I was filing my taxes last week, and it was rejected because it turns out the ex husband claimed the kids on his taxes, which is a no-no for him, because our divorce says he does not get to claim the kids on his taxes. So, I had to remove the kids from mine in order to re-file, and now I have to file an amended tax refund. Well, I called him out on it. A few days later, he called me up almost begging me to not file the amended on him if he were to pay me the money I lost. I said why should I do you any favors, I don't trust you. After everything you put me through, you want me to do you a favor? I said not only do you now owe me $800 for what I lost by you taking the kids on the taxes but you also owe me $300 for a car and another $400 for a gas and electric bill you ran up when you spent our family money on Slvtty McSlvtbucket instead of paying family bills, and in the past 8 months since our divorce, I have not seen a dime from you, why the hell would I trust you to simply pay me what I lost when you unrightfully claimed what was mine on your taxes?
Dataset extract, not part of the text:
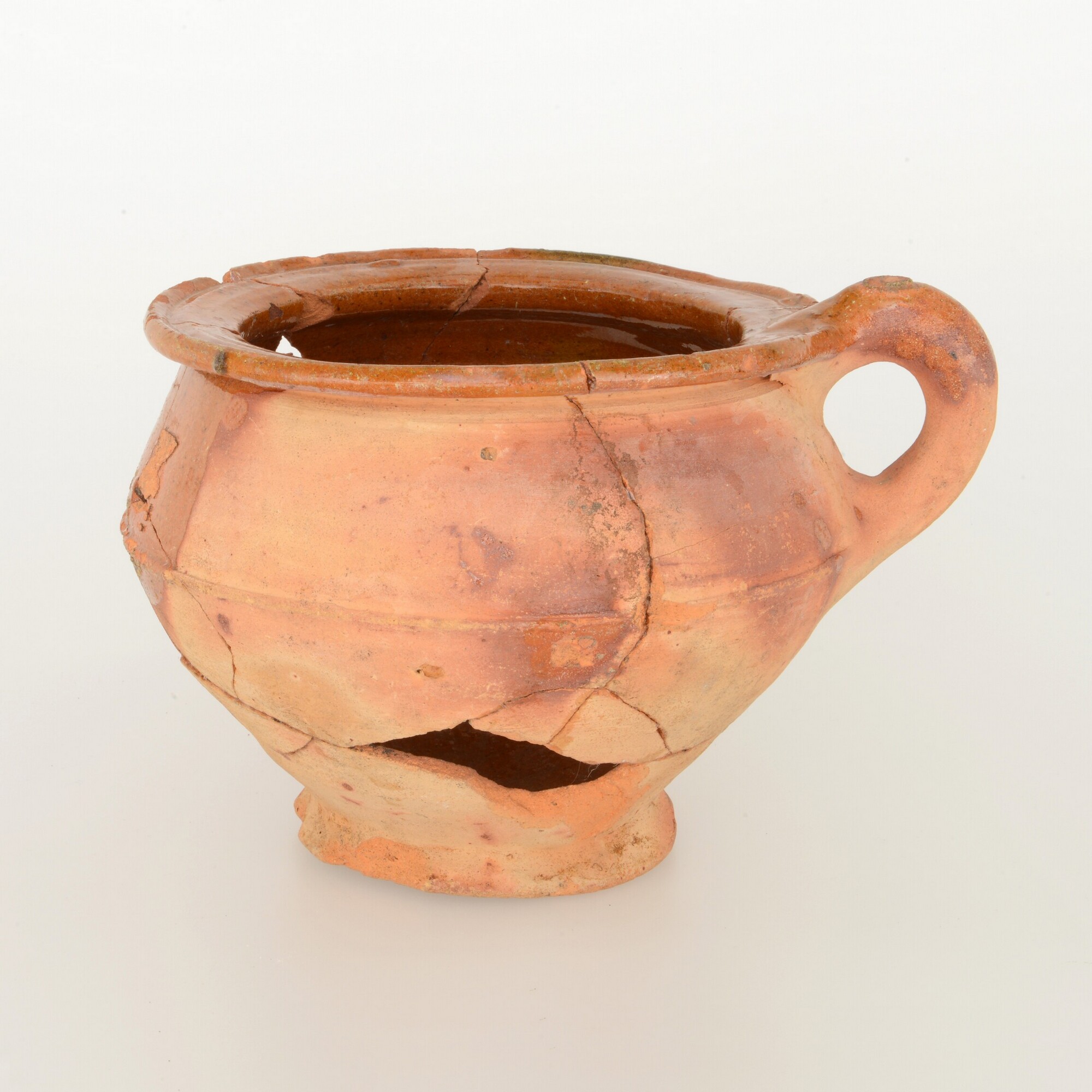 Pispot; r-pis-5; pispot met scherpe buikknik en platte rand; roodbakkend aardewerk; inwendig loodglazuur; standring; één worstoor

He says he will give me $1600 in cash in 3 weeks time. I agreed to give him 3 weeks to give me that money before I file the amended refund and let his ass get in trouble. I have the court order that proves he cannot claim those kids. I hate that I feel like I am doing his sorry ass a favor. I should just let him burn.


----------



## DubeGechi (Dec 12, 2010)

A big No No on letting him filing with the kids. Absolutely not. Legal complicacies may come about with the kids and will be bigger than the dollars.


----------



## AppleDucklings (Mar 27, 2011)

DubeGechi said:


> A big No No on letting him filing with the kids. Absolutely not. Legal complicacies may come about with the kids and will be bigger than the dollars.


I did not just "let him" file with the kids. He went and did that himself under my nose. I only found out after my refund was rejected.


----------



## golfergirl (Dec 8, 2010)

AppleDucklings said:


> I did not just "let him" file with the kids. He went and did that himself under my nose. I only found out after my refund was rejected.


If agreement says you can't then don't. You don't f**k with the tax man!
_Posted via Mobile Device_


----------



## Eli-Zor (Nov 14, 2010)

I would refile and let him explain his deception to the taxman. The extra money is not worth it especialy since he may not pay you . Let the tax man deal with him .
_Posted via Mobile Device_


----------



## AppleDucklings (Mar 27, 2011)

Eli-Zor said:


> I would refile and let him explain his deception to the taxman. The extra money is not worth it especialy since he may not pay you . Let the tax man deal with him .
> _Posted via Mobile Device_


He told me he went back to the place where he filed his taxes and told them he "accidentally" filed with the kids because he "misunderstood" how taxes work now that he's no longer married *cough cough, bullshiit* He says that they told him if I would agree to just let him pay me the money loss, then no amended would need to be filed and he could avoid trouble.


----------



## golfergirl (Dec 8, 2010)

Eli-Zor said:


> I would refile and let him explain his deception to the taxman. The extra money is not worth it especialy since he may not pay you . Let the tax man deal with him .
> _Posted via Mobile Device_


It might even be to get you for filing false claim. Why would you 
A) trust him 
B) help him by lying
You have nothing to gain other than deception and breaking even.
_Posted via Mobile Device_


----------



## golfergirl (Dec 8, 2010)

AppleDucklings said:


> He told me he went back to the place where he filed his taxes and told them he "accidentally" filed with the kids because he "misunderstood" how taxes work now that he's no longer married *cough cough, bullshiit* He says that they told him if I would agree to just let him pay me the money loss, then no amended would need to be filed and he could avoid trouble.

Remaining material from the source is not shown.